The second formula presents an exponential cost curve to the validators. The purpose of the curve being exponential is that the cost curve effectively substitutes the gas limit, and we want to make sure that the de-facto gas limit remains reasonable across a wide array of transaction fee cost conditions. The fees reclaimed are much smaller. In the case of a monopoly, the reclaimed revenue does not quite go to zero, but it still reduces greatly. The optimal quantity of gas for a monopolist to accept decreases because of the reclaiming mechanic, but only slightly.

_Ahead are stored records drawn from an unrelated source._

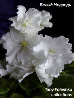 Крупная, 6-7 см., кипенно-белая полумахровая звезда с волнистыми краями. Листья ярко-зеленые, округлые, стеганые.Высокие сильные цветоносы, аккуратная розетка. Стандартная. /Полешко Т./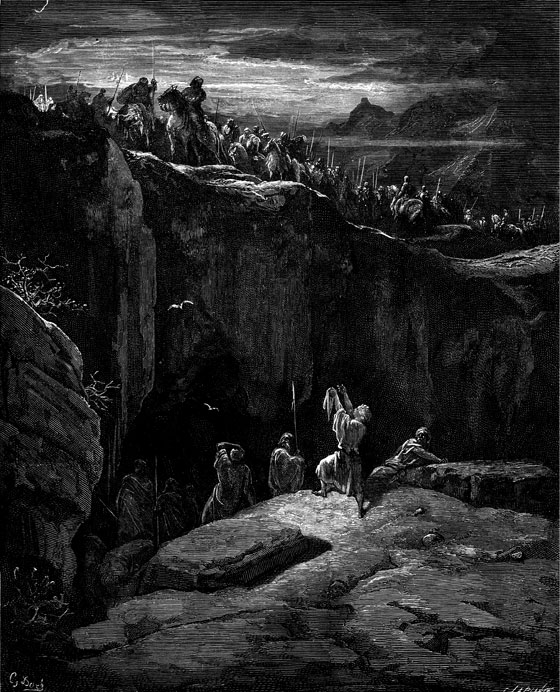 Вот этот-то великан и силач спускался с горы в долину и, насмехаясь над евреями, своим грубым, хриплым голосом громко кричал им: «Кто из вас осмелится прийти сюда и сразиться со мной? Если среди вас найдется такой смельчак, который победит меня, филистимляне станут рабами евреев; если же я убью его, евреи будут рабами филистимлян». Он проделывал это каждый день – утром и вечером – в течение сорока дней.
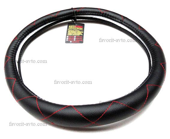Оплетка руля АВТООПЕРА /ЧЁРНЫЙ/ прошитые красной ниткой М 38см.(8002) . 1/50 |
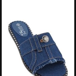 Trendy Denim Button Slide Sandals$35Wesley Chapel, FL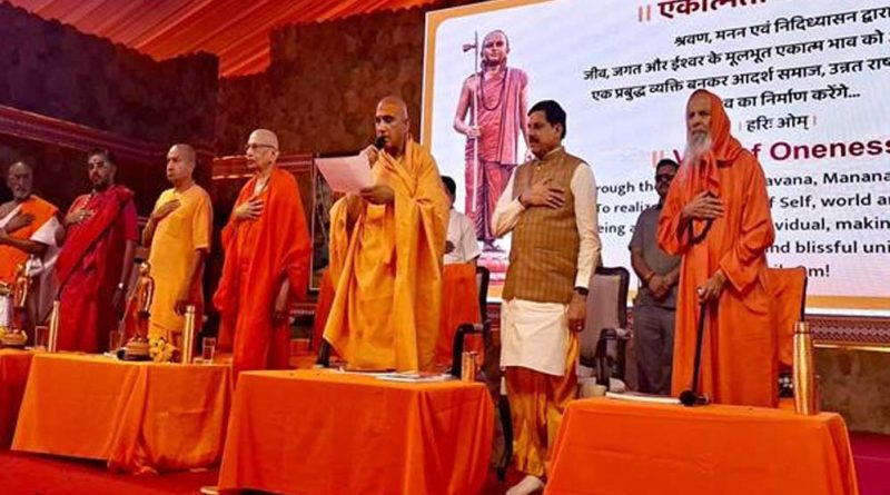 एकात्म पर्व के समापन पर मुख्यमंत्री डॉ. यादव ने पूज्य संतों का स्वागत किया। कार्यक्रम में मुख्यमंत्री डॉ. यादव ने पूज्य संतों के साथ “एकात्म धाम : एकात्मता की यात्रा’’ पुस्तक का विमोचन किया। साथ ही अद्वैत वेदांत के प्रचार प्रसार हेतु स्वामी विदितात्मानंद सरस्वती, अमेरिका एवं प्रो. व्ही कुटुम्ब शास्त्री, चैन्नई को सम्मानित किया गया। कार्यक्रम में अद्वैत जागरण युवा शिविर पर केन्द्रित फिल्म का प्रदर्शन किया गया। कार्यक्रम में पूज्य स्वामी अवधेशानन्द गिरि जी द्वारा एकात्मता का संकल्प कराया गया। कार्यक्रम में शुभम चौहान द्वारा अद्वैत जागरण युवा शिविर पर परिचय दिया गया।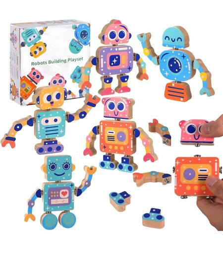Creative Toys for Kids This STEM toy set contains 28 pieces of wooden blocks. Kids can randomize head, arms, body and legs to create cool robots! Finished creations bring a sense of accomplishment.Durable and Safe to Use These kids blocks are made of solid wood with smoothed surface and rounded corners to ensure they are safe for children. The durable and vibrant water-based paint does not contain any harmful substances and is not easy to damage, it is also very easy to clean. The high-quality buttons are firmly fixed. You don't have to worry about your baby breaking it, it is very safe for children.Child-friendly snap-in connection design: these blocks assemble easily and perfectly with one click. All wooden building blocks can be interchanged between different bodies, helping children to think outside the box and build their own unique robot.FUN AND EDUCATIONAL We have carefully prepared a variety of different shapes and colors of pieces for children, hoping that children can exercise the ability to sort at the same time to improve hand-eye coordination and concentration. The simple and practical design also allows children to more clearly perceive the success of building blocks.PERFECT GIFT This interlocking wooden construction set is a perfect gift idea. It can be used as Montessori educational toy, also can be an educational toy and a learning toy. This disassembly toy set can keep children away from technological screens and promote close relationships with relatives and friends. Suitable for Christmas, New Year, birthday gifts for 3 4 5 6 year old boys and girls. ...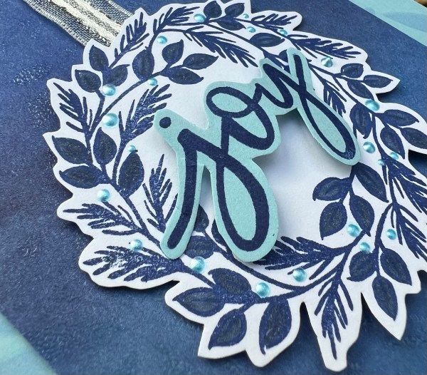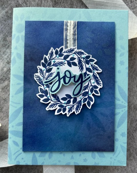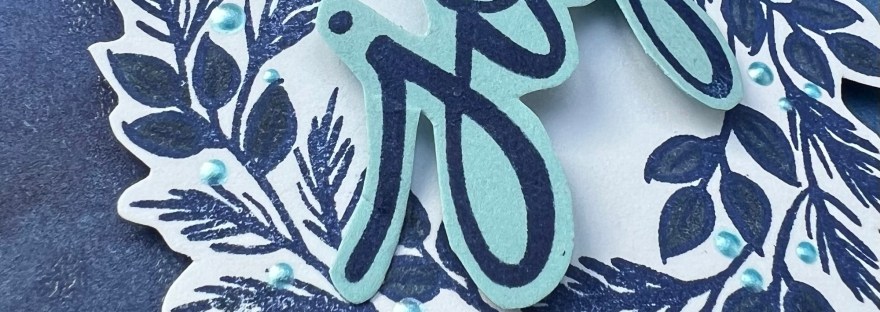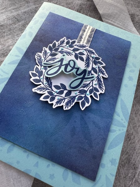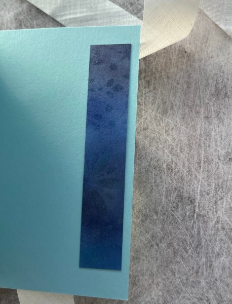 I created a cluster in the middle of the card of blue cardstock and some blue paper scrap that was on my desk. I had also reclaimed the star embellishment off the card I made for my hubby (we don’t keep them after Christmas as so I always recycle or reclaim elements I think I can use again) and I thought it would work well on the card.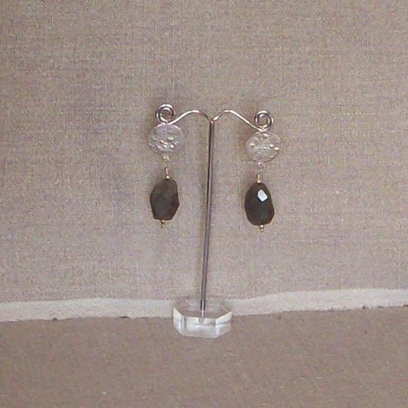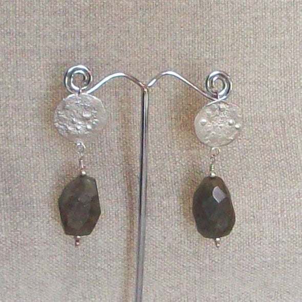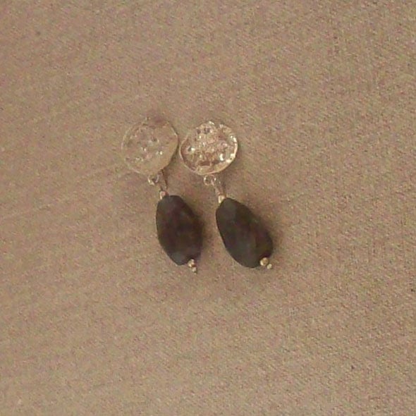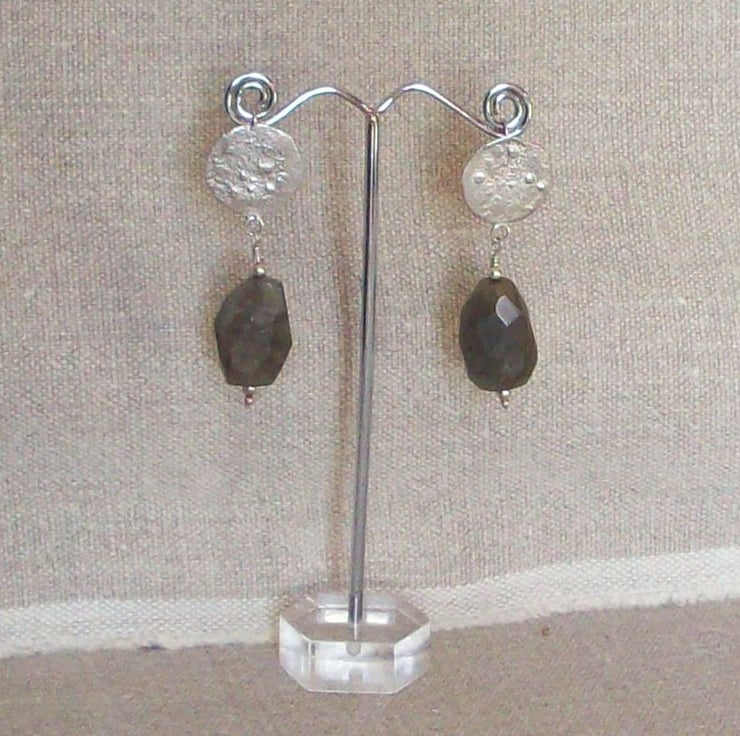 Forged and textured silver discs are teamed with faceted labradorite beads to make a simple but stunning pair of unusual earrings. A statement pair which will stylishly, unfussily embellish an outfit. The stone has blue flashes which catch the light. Comes to you in a gift box. I use Special Delivery as both buyer and seller are covered by this tracked and insured service. I do not charge anything on top for packing as I always have plenty of postal wallets I can recycle! Please contact me for multiple and non-UK postage as prices vary.
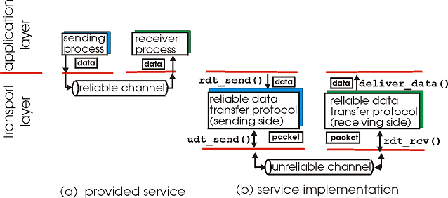 ◾ 완벽하게 신뢰적인 채널 상에서의 데이터 전송: rdt1.0 (reliable data transfer) 하위 채널이 완전히 신뢰적이라고 가정한다. 이 경우에는 각 레이어가 송수신을 바로 진행시키면 된다. 완전히 신뢰적인 채널에서는 수신 측이 송신 측에게 어떠한 피드백도 제공할 필요가 없고 '천천히' 라는것도 요청할 필요가 없다.

There exists a third possibility: charge f(g) = x * g
, but where x
is determined based on an exponential function based on the gas in the previous block. In the normal case, this would be similar to the first left diagram, where the entire rectangle would be reclaimed. In the monopoly case, this would be similar to the second right diagram, as since the monopolist controls every block, basing x
on the previous block and the current block is essentially the same policy. Hence, this third approach may be able to combine the benefits of the first two, providing both maximum fee reclaiming in the normal case, and still some degree of fee reclaiming in the monopoly case.
Note that this is all fairly non-rigorous in that it doesn’t look deeply at the incentives that cause transaction senders to change the fees that they offer based on what they observe, but hopefully it does serve as a good introduction to some of the issues at hand.